Looking for a little advice on the best way of handling this…
I may or may not (I don’t know) have accidentally deleted some important files.
I have good backups and can restore, but given it’s a large amount of data, didn’t know if there was an easy way to compare the local directory against the last backup and show anything that is in the backup that isn’t present now.
There haven’t been many (if any) on purpose changes since the last backup, so if there are differences, I’ll know what I need to recover.
Only thing I’ve really thought of so far is running another snapshot and doing a diff between them.
@nett I don’t know, but restic restore -–dry-run -–delete -–overwrite if-changed may produce the result you are looking for (maybe need to add some -v to get a more verbose output)
Besides this, you can use rustic to do a diff SNAP:/my/path /local/path until this functionality gets added to restic.
I like the idea, but unfortunately, that doesn’t work: restic restore -–dry-run -–delete -–overwrite if-changed -vv
Just lists all files as restored
I will check rustic soon! The comparison page looks promising, although I’m a bit unhappy with the test coverage, and it doesn’t support --files-from
I don’t use it directly in restic, I created a shell script that defines a new environment variable: RESTIC_FILES_FROM_FILE=$HOME/.config/restic/paths.list
About --files-from see my post Backup family photos and videos - #6 by alexweiss.

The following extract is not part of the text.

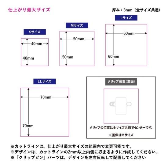 オリジナル型抜きで好きなカタチにできるアクリルバッジです。

My personal advise is to backup paths using includes/excludes instead - at least in most cases. IMO, --files-from is only relevant for edge cases.
It looks like a primary mean for including filesystem paths in restic, for example: I want to back up some files from home, but I don’t want to include the home, as there are sensitive keys in configs, and I don’t want to exclude the keys manually, I would rather include files from a text file, and provide the list with –-files-from. Could you advise, did I miss something?